Saturday matinees long ago let us escape from the ordinary world to the island of the Swiss Family Robinson or the mutinous decks of the Bounty. Why not, we thought, escape the usual fare here with Saturday matinees of our favorite photography films?

So we're pleased to present the 169th in our series of Saturday matinees today: Sirkhane Darkroom.

The pipe dream of some of our friends who love to read is to own a book store crammed with towering shelves of dusty volumes and stalagmites of new arrivals along the narrow aisles.

We don't have a pipe dream like that but we come close. We have a fantasy of collecting all the old, broken cameras in town and, using our magic mechanical powers, some screw drivers and a pair of needle-nosed pliers, returning them to the hands of some kids who would otherwise not be able to take a picture.

It turns out we're not the only one who fantasizes about that. In quite a few places, there are programs just like our fantasy operating today.

The kids get a camera and think about what story they will tell with a roll of 36 exposures.

Among them is this one in Mardin, Turkey, by the Syrian border. It's an analog photography workshop for Syrian and Turkish children from the Istayson district.
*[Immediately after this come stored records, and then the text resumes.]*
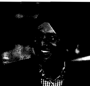
Ex-Microsoft Exec Looks to Turn Wall Street On Its Head
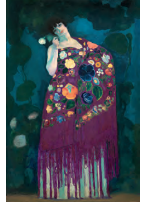
Granadina - HERMEN ANGLADA CAMARASA Room 49
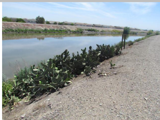
Looking southeast at cactus on waterside slope.
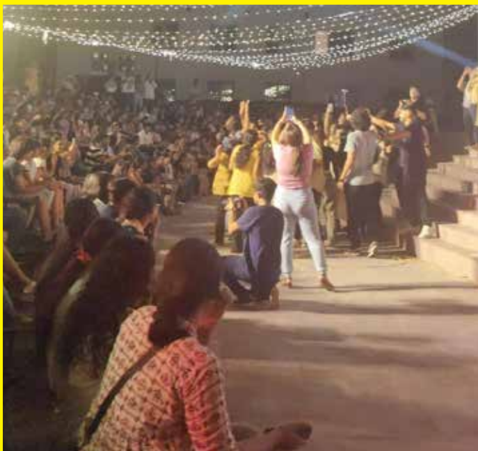
Freshers sing-along at the Amphitheatre.

In conclusion, the induction program was a colourful and enriching initiation into a world where dreams are nurtured, creativity is celebrated, and endless possibilities await. It has left an indelible mark on my artistic journey, shaping me into a more confident and inspired individual, ready to embrace the wonders that lie beyond the horizon.
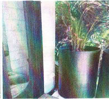
BLACK GRP PLANTERS
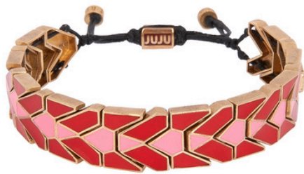
CCB-1969 € 139
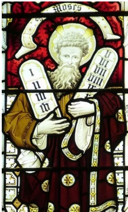
Moses & The Ten Commandments.
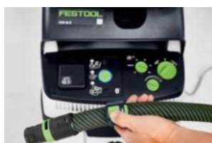
Image: Festool-system-extension-04.jpg The remote control saves you a trip to the extractor.

Image: Festool-system-extension-03.jpg The retrofitable CT-F I/M-Set Bluetooth® module/remote control
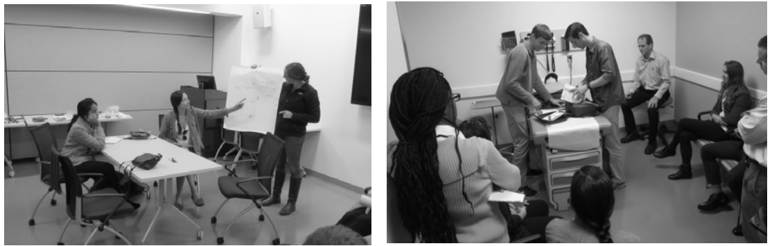
Figure 1. Engineering students and medical learners collaborating during a Medical Device Sandbox session.

Each session focused on use errors associated with two of the above six devices. Following the hands-on use simulation, BMEs and medical learners were divided into mixed groups of three to four to brainstorm novel solutions that address the use errors using low fidelity prototyping materials. The sessions concluded with the small groups coming together to share their ideas and discuss take-away lessons. Figure 1 shows students working during one of the Medical Device Sandbox sessions.
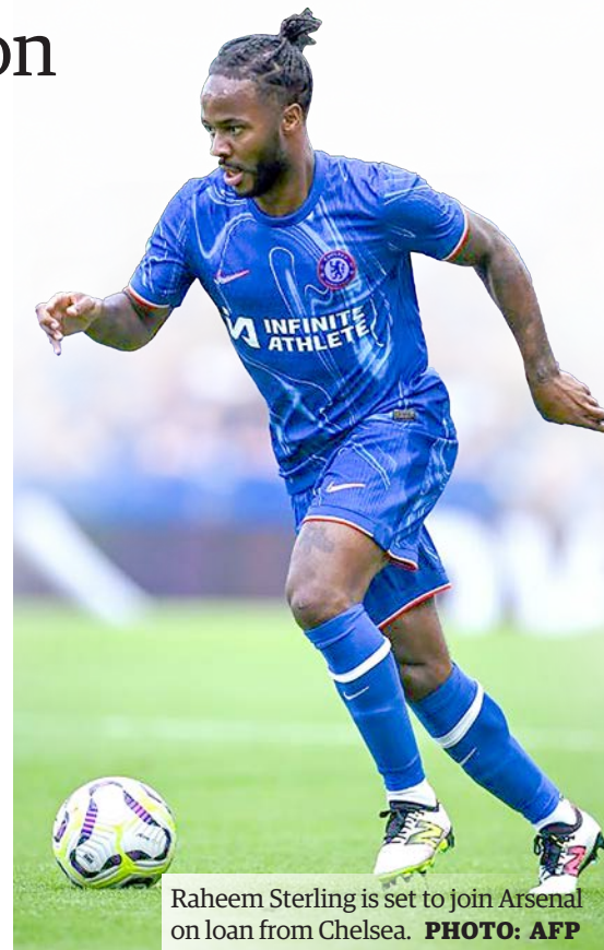
Raheem Sterling is set to join Arsenal on loan from Chelsea.

On a busy day for Chelsea, the club also secured Manchester United winger Jadon Sancho during the closing hours of the transfer window. Sancho joins Stamford Bridge on loan, with a clause obligating Chelsea to make the transfer permanent at the end of the season. — Xinhua
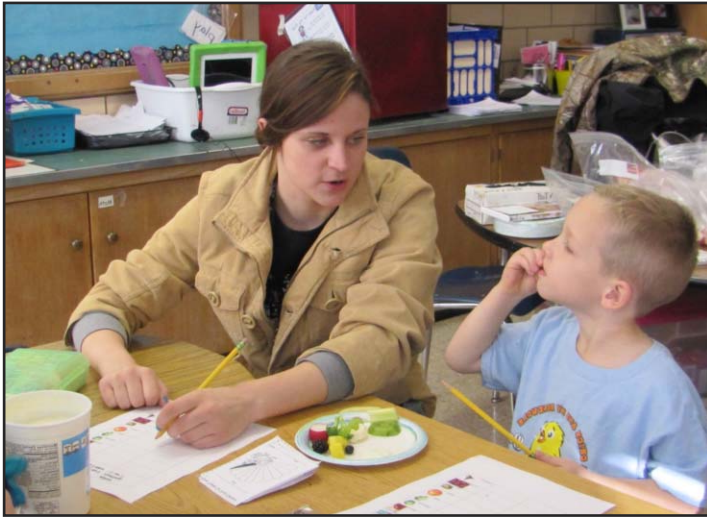
[Pictured above and below] Business classes with FBLA members at Grand River Technical School working one-on one with kindergarteners as part of the SAFETY SMART® program.
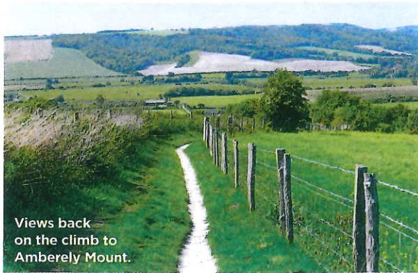
Views back on the climb to Amberley Mount.

Mardin is also the home of the Sirkhane Social Circus School, which performs a similar civic function.

The short clip opens with one child teaching another how to load film onto a developing reel. It isn't until a minute in that we hear an adult talk about the 40 children in the program.

The kids get a camera and think about what story they will tell with a roll of 36 exposures. We see the kids on the street, looking through their cameras at this new world and posing for each other.

"All of a sudden," the narrator says, "they are able to describe in photography what they couldn't verbalize before."

One child spent the day with her mother, a tailor, to tell her story. Another takes photos of children working in Istayson.

We also see them in the darkroom, examining their developed filmstrips and printing the negatives. They don't want to leave the darkroom. It's magic.

The real magic though isn't photography. It's the faces of these children. That's what makes this video stand out among others of programs like this. The children are engaged, intent, smiling and alive with ideas.

There is a generation of children growing up in the Middle East deprived of school. But young minds thirst for an education. So even this small opportunity brings new students to the program every day.

Who knows, the next Atget or Cartier-Bresson or Weston could be among them. Or, even better, a new generation of diplomats intent on peace in the region.